[Dataset records]
== Segment start ==

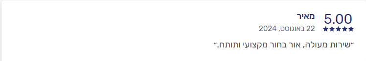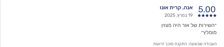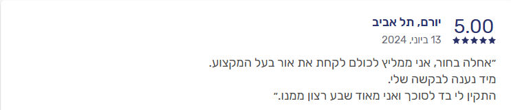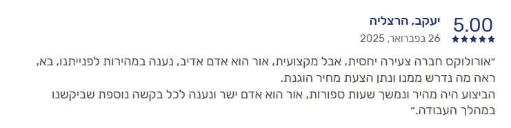 ״שירות מעולה, אור בחור מקצועי ותותח.״
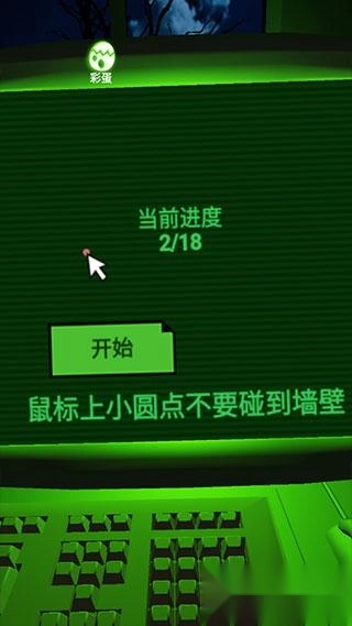 4、画面呈现的是坐在电脑前进行游戏,把鼠标光标移动到【开始】按钮上,就能开启下一关。需要注意的是,鼠标上的小圆点不能碰到墙壁,否则会触发恐怖机制。
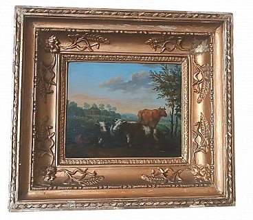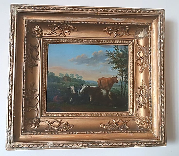 Bucolic scene, oil painting on panel, second half of the 18th century
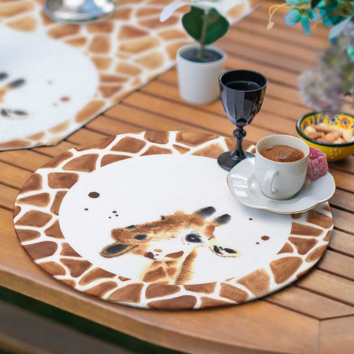 Zürafa Motifli Dijital Baskılı Özel Tasarım 6+1 Supla Runner Seti
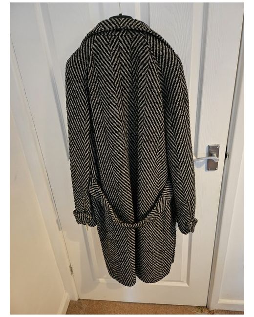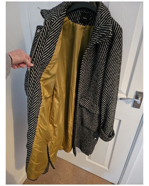 Next womens long coat in grey pattern with orchre lining, worn only once with no defects
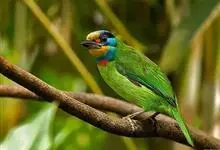 金喉拟啄木鸟,是须鴷科、拟啄木鸟属的鸟类。金喉拟啄木鸟为小型鸟类,体长19-24厘米。额深红色,头顶金黄色,后枕具一大块深红色斑,耳羽和头侧银灰色,上体草绿色,颏和上喉金黄色,下喉淡银灰色,…全部>>

== Segment end ==

◆ Exercise aim ◆
The copy must start at the line containing "Zürafa Motifli Dijital" and end at the last line of the records, matching each line exactly and holding no pictures.

◆ Task output ◆
 Zürafa Motifli Dijital Baskılı Özel Tasarım 6+1 Supla Runner Seti
 Next womens long coat in grey pattern with orchre lining, worn only once with no defects
 金喉拟啄木鸟,是须鴷科、拟啄木鸟属的鸟类。金喉拟啄木鸟为小型鸟类,体长19-24厘米。额深红色,头顶金黄色,后枕具一大块深红色斑,耳羽和头侧银灰色,上体草绿色,颏和上喉金黄色,下喉淡银灰色,…全部>>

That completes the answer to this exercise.